For both mutation schemes, Fig 2 (black curves, which are the same in each row) shows the cumulative distribution of the number of mitogenomes in the live population matching that of the PoI (person of interest). The distributions (see Table 1 for quantiles) are similar for the 1.2M and 300K constant models (middle and right columns), with the number of sequence matches with the PoI almost always < 1,000, but for 1.2M growth model some PoI have > 5,000 matches.

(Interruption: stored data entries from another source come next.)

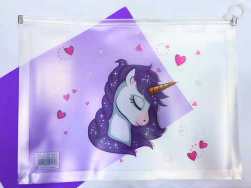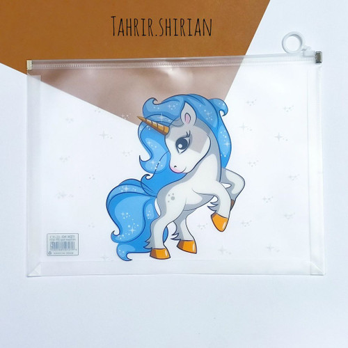 پوشه زیپ دار طرح تک شاخ مو آبی
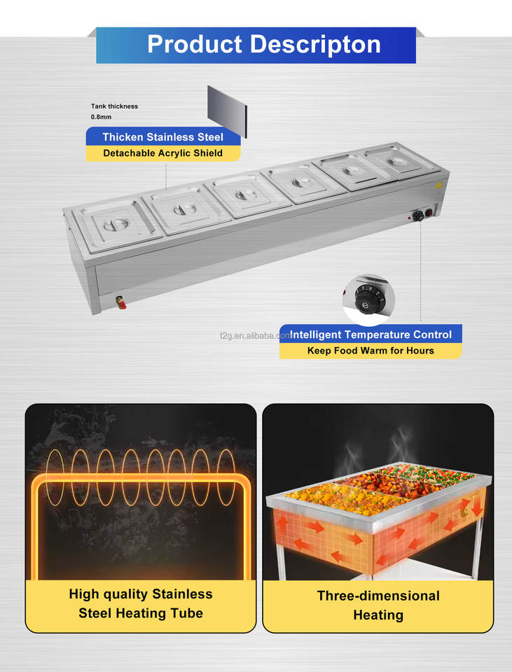New Catering Equipment Buffet Commercial Stainless Steel Electric Bain Marie Steam Table Food Warmer 50 Trays/Hour Energy Saving
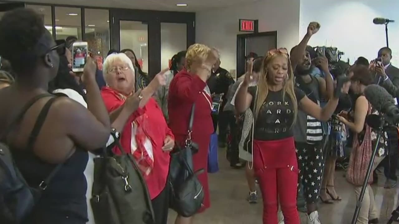 Luego de escuchar la condena a 10 años de prisión que deberá cumplir la exoficial, un grupo de personas inconformes salió a los pasillos de la corte del condado para expresar su rechazo. Este miércoles a las 6:30 pm se llevará a cabo una manifestación a las afueras del tribunal.
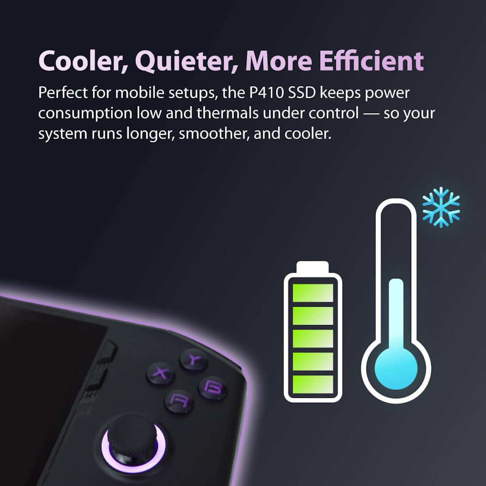 P410 SSD je vybaven vysoce účinným grafenovým chladičem a technologií tepelného řízení, které udržují systém v optimálních teplotách i při vysoké zátěži. Tím je zajištěn stabilní výkon a prodloužena životnost disku.
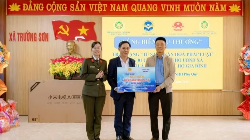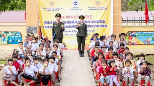 Lãnh đạo Phòng Công tác chính trị Công an Quảng Trị tặng chiếc TV 65 inch và “Tủ sách văn hóa-pháp luật” với hơn 200 đầu sách cho Nhà sinh hoạt cộng đồng xã, góp phần tạo dựng thói quen đọc sách và tìm hiểu pháp luật trong nhân dân. |
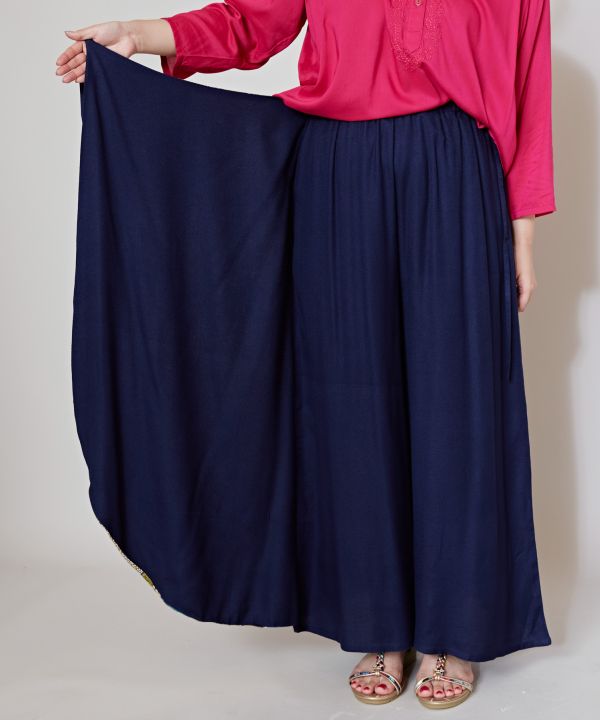 アフリカのキテンゲモチーフの柄を使用した、無地×柄の切り替えが楽しいラップパンツ。巻きスカート風のシルエットで、柄と無地の前後2WAYで楽しめる。レーヨン素材でさらっと着られる一着。ラフィキはスワヒリ語で「友達」という意味。

Fig 2. Cumulative distributions of the number of matching individuals.

Fig 2

Black lines show unconditional distributions. Coloured lines show the distributions conditional on m matching mitogenomes in a reference database of size n, for up to five values of m (see legend for colour codes) and three values of n (one per row). Quantiles of the distributions shown in the middle column are given in Table 2 and S3 Table for the mutation models of [13] and [14], respectively. See text for references to additional tables for the other demographic scenarios.

Table 1. Estimated quantiles of the number of matching individuals.

Key quantiles of the unconditional distributions (black curves of Fig 2).

Demographic scenario Mutation scheme
Rieux [14] Översti [13]
50% 95% 99% 50% 95% 99%
1.2M growth 387 3,835 7,361 295 2,869 5,603
1.2M const. 177 761 1,148 152 661 1,006
300K const. 193 859 1,293 149 675 1,085

These distributions are altered by conditioning on an observation of m matches in a randomly-sampled database of size n (Fig 2, coloured curves). For the largest database we now see a clear difference between the two constant-size populations. For example m = 10 represents 0.1% of the database, consistent with 300 matches in the smaller population, a value that is well supported by the unconditional distribution and so the conditional distribution is centred around 300. However, 0.1% of the larger population is 1,200, which is not supported by the unconditional distribution and so the conditional distribution is shifted towards lower values, with most support between about 600 and 1,200. There is a similar effect for the m = 10 conditional distribution in the 1.2M growth population (note the different x-axis scale).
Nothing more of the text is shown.